In the realm of complex analytical scenarios, it is frequently necessary for the cumulative sum calculation to reset based on a specific grouping variable, such as a distinct product category, geographic region, or individual store identifier. For instance, when analyzing multi-store sales data, the running total for Store A must remain entirely separate from the running total for Store B. This sophisticated, grouped accumulation is achieved in PySpark by partitioning the DataFrame using the partitionBy() clause within the Window function specification.

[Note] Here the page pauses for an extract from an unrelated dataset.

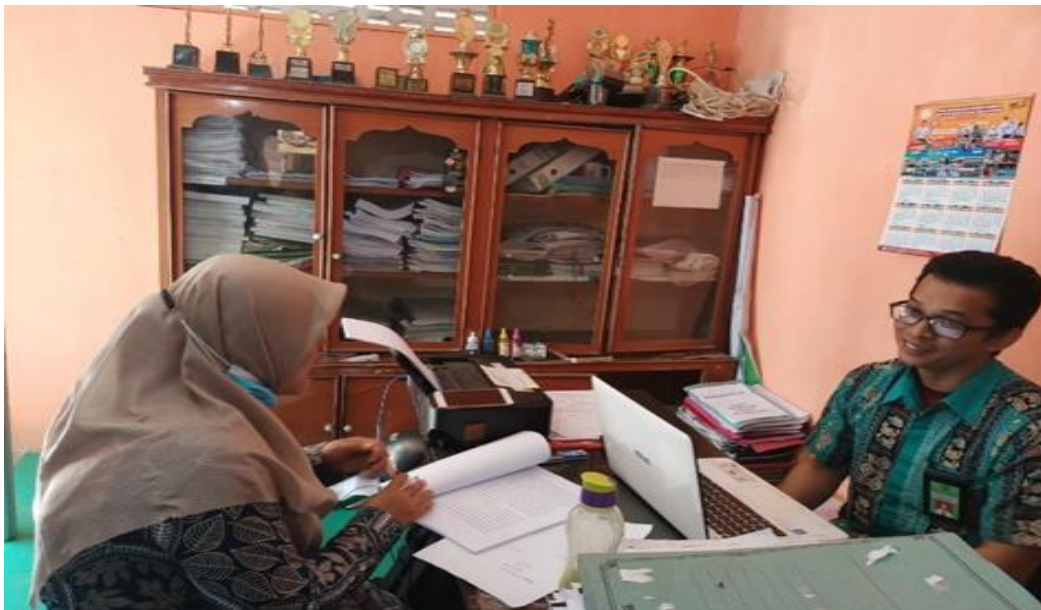
Gambar 2. Wawancara dengan Wakil Kepala Madrasah Tsanawiyah Negeri 3 Langkat

By invoking partitionBy(), we instruct Spark to logically divide the massive dataset into smaller, independent partitions based on the unique values in the specified column. The cumulative calculation then operates autonomously within each of these distinct partitions. Critically, the running total is guaranteed to reset every time the partitioning column’s value changes, ensuring that the cumulative sum is meaningful and specific to its respective group.

from pyspark.sql import Window
from pyspark.sql import functions as F

#define window for calculating cumulative sum
my_window = (Window.partitionBy('store').orderBy('day')
             .rowsBetween(Window.unboundedPreceding, 0))

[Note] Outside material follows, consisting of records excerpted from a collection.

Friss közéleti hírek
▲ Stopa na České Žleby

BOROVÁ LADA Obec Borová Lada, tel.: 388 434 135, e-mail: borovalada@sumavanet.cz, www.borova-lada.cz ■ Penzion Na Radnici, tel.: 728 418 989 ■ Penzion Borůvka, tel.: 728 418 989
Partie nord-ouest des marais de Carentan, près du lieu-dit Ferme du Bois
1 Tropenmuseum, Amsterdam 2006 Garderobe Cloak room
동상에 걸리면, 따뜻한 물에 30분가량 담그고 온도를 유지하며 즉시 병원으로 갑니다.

#create new DataFrame that contains cumulative sales, grouped by store
df_new = df.withColumn('cum_sales', F.sum('sales').over(my_window))

Practical Walkthrough: Partitioned Sum Example

To demonstrate the practical application of partitioning, let us consider an example tracking sales data across two distinct entities: ‘Store A’ and ‘Store B’. The core requirement here is that the running total of sales must strictly restart whenever the store identifier transitions. This scenario perfectly highlights why the partitionBy() clause is an indispensable tool in the Window function arsenal. We initiate the process by creating an updated DataFrame structure that now includes a store identifier column, along with the existing day and sales columns. This structure provides the necessary grouping dimension for PySpark to accurately distribute and calculate the independent running totals.

from pyspark.sql import SparkSession
spark = SparkSession.builder.getOrCreate()

#define data
data = [['A', 1, 11], 
        ['A', 2, 8], 
        ['A', 3, 4], 
        ['A', 4, 5], 
        ['A', 5, 5], 
        ['B', 6, 8],
        ['B', 7, 7],
        ['B', 8, 7],
        ['B', 9, 6],
        ['B', 10, 4]] 
  
#define column names
columns = ['store', 'day', 'sales'] 
  
#create dataframe using data and column names
df = spark.createDataFrame(data, columns) 
  
#view dataframe
df.show()

+-----+---+-----+
|store|day|sales|
+-----+---+-----+
|    A|  1|   11|
|    A|  2|    8|
|    A|  3|    4|
|    A|  4|    5|
|    A|  5|    5|
|    B|  6|    8|
|    B|  7|    7|
|    B|  8|    7|
|    B|  9|    6|
|    B| 10|    4|
+-----+---+-----+

The fundamental syntactical change in this example is the inclusion of the Window.partitionBy('store') command. This explicit instruction directs PySpark to rigorously treat all rows belonging to ‘Store A’ as one distinct, independent set and all rows associated with ‘Store B’ as a completely separate set. Within the boundaries of each partition, the cumulative calculation proceeds sequentially, ordered strictly by the day column, spanning from unboundedPreceding up to the current row. We then apply the F.sum function to accurately compute the running total of sales specific to each respective store partition.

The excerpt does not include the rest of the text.